I want to give Share permission to my cifs share but I guess unix only able to give file permission like:

/usr/bin/chmod -R A+group@:full_set:fd:allow  pool/test  

This is the bad way because I have couple of million file in some shares and the job took days! Every time I don't want to set every file in this directory.

At Windows side a file or folder has 2 different permission:
1- File permission.
2- Share permission.

If I use Share permission I don't need to set chmod every file or folder in directory, you need to just give a Share permission top of directory Ro or Rw than everything okay in few seconds.

Can I use the share permission on Solaris?

1 Answer 1


Yes, you can do that.

They are stored in a file for each share, you can access (ls) and modify (chmod) this file at the locations (assuming direct mount mapping)


where <pool> and <filesystem> is the mounted path of your ZFS file system, and <share> is the name of your CIFS share. Example:

FS:   pool0/users/bob
Path: /pool0/users/bob/.zfs/shares/bobs_home

But be careful: the share permissions can only be set for the whole share, no sub-divisions are possible.
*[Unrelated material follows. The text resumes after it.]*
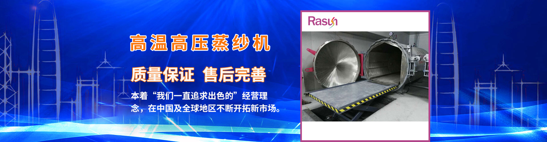 江蘇日新紡織科技有限公司是一家集科研、開發、生產、銷售、服務為一體專業設計制造蒸紗機,蒸紗鍋,蒸箱,定型機,襪子定型機,紗線定型機的的廠家,蒸紗機生產設備精良,蒸紗鍋設計工藝 ,蒸箱檢測手段齊全,紗線定型機技術雄厚,高品質的蒸箱,蒸紗鍋,蒸紗機,紗線定型機產品,在國內外享有盛譽。公司坐落于江蘇省金湖縣建設西路413號,處于南京、揚州、淮安一小時都市經濟圈。公司本著“誠信之本”的經營理念,在中國及全球地區不斷開拓新市場,熱誠與社會各界有識之士合作,構成一個良好的營銷體系。為您提供專業的一條龍服務。愿江蘇日新人能感染您,推動您,走入永遠屬于我們的天空中去。 + MORE

Additionally, all file ACLs are still valid and will be evaluated. Think of it as another gate - once you are through the "share" security gate, you must still pass the "file" security gate to finally get access.

It depends on your goals:

  • If you want to give different users a fixed set of permissions at different times, your case may be better served by using groups instead of users in the file ACLs. You add or remove a user from a group and he immediately gains or loses access from all files where the group has been set. Of course, sometimes you still have to remove or add a group itself, but it will most likely be not that frequent. You retain all granularity.
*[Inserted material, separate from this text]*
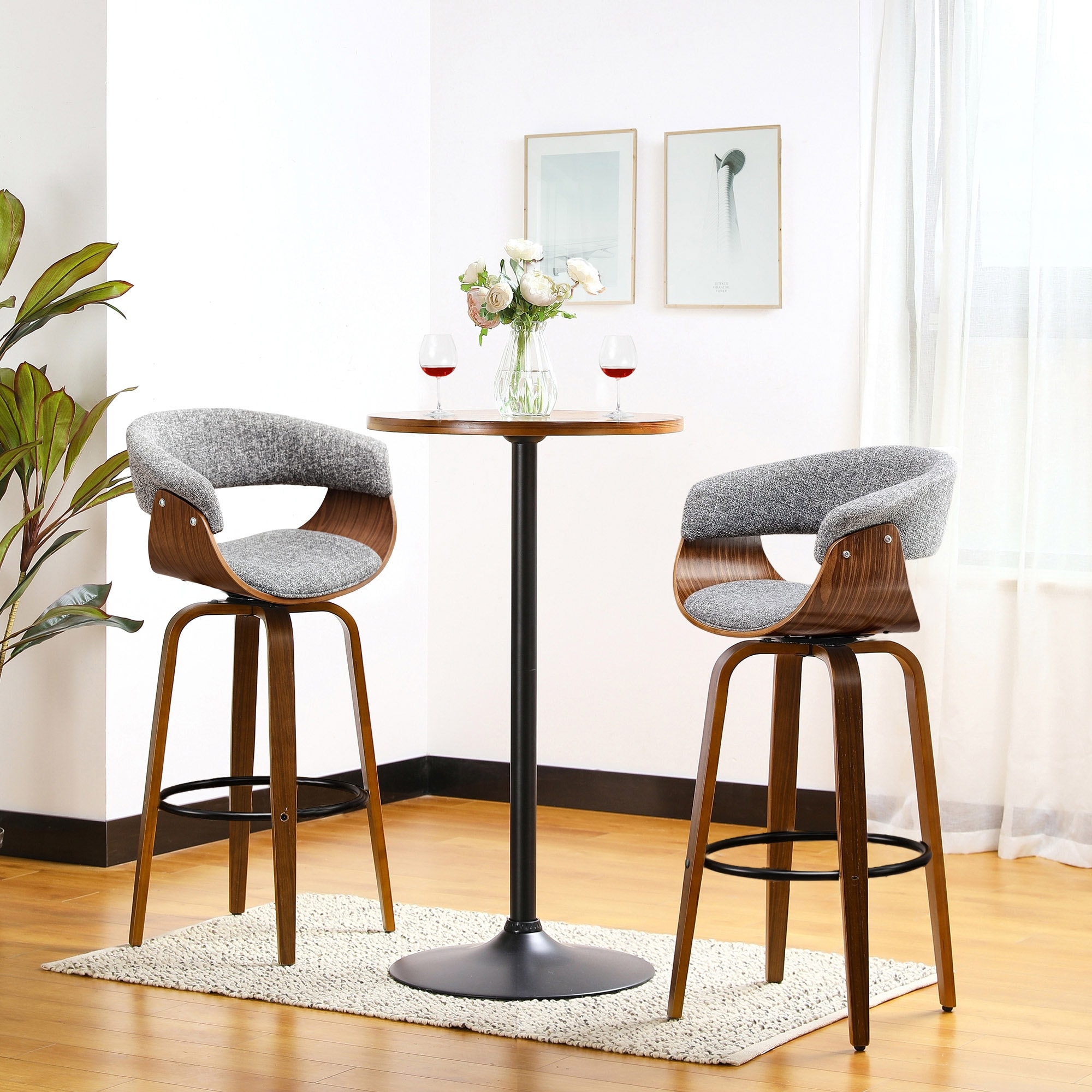 Skara Mid-Century Swivel Counter Stool, Upholstered Counter Height Chair with Bentwood Legs

  • If you want to have different "views" on the data without changing the files at all, even at the same time, share permissions might be what you want. You can create one or multiple shares (each with different share ACLs and names, referencing the same dataset) and quickly allow/deny users or groups to access what's behind. If users can also login locally, they can of curse circumvent these permissions.
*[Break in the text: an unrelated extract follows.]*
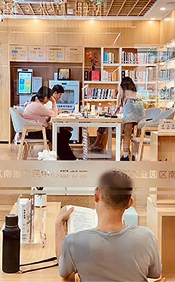 一直以來,園區高度重視閱讀空間的基礎布局,持續補充、優化城市公共閱讀空間,打造了圖館總分館體系,將各色閱讀空間引入企業、學校、產業園、景區等,讓閱讀資源觸手可及。隨著智慧閱讀的普及,園區因時制宜,在全區打造了10個24小時智能圖館,并推動閱讀的跨界融合,拓展新型閱讀空間,包括閱讀巴士、閱讀便利店、閱讀早餐車等創新形態。迄今為止,已有350個公共閱讀服務網點遍布園區,串聯起城市香風景線,切實實現“處處可讀、時時可讀、人人可讀”的美好愿景。

  • Thank you for answer but I could not figure out how its working.
    – Ozbit
    Commented May 25, 2017 at 15:00
  • @Morphinz You just use chmod, for example to add a read/traverse permission for group sales: chmod A+group:sales:r-x---a-R-c--s:-------:allow /yourpool/yourfilesystem/.zfs/shares/yoursharename. Note that when accessing the path at .zfs (the hidden directory), your shell expansion does not work, so you have to type that in manually (afterwards it works as normal).
    – user121391
    Commented May 29, 2017 at 7:11
  • I did that like you said but i use DC user instead group and it didn't work. I cant access my files from Windows. I should try again. I will write new comment when i try.
    – Ozbit
    Commented May 29, 2017 at 7:29
  • @Morphinz Do your DC user permissions work on normal files? If yes, then try restarting the CIFS service on Solaris. If not, your problem lies on the auth part, have a look at idmap and its log messages.
    – user121391
    Commented May 29, 2017 at 11:22
  • Yes DC user permissions works. And i can access my shares if i use standart permission set. When i give Share permission like you said, i can see permission set from windows side. I tried full set instead read only, i can confirm from windows side the share permission has been set but i don't have access into share. Its weird. What ever I'm leaving unix and i change my arch to Arch Linux. A new adventure is waiting for me. Thank you for your effort.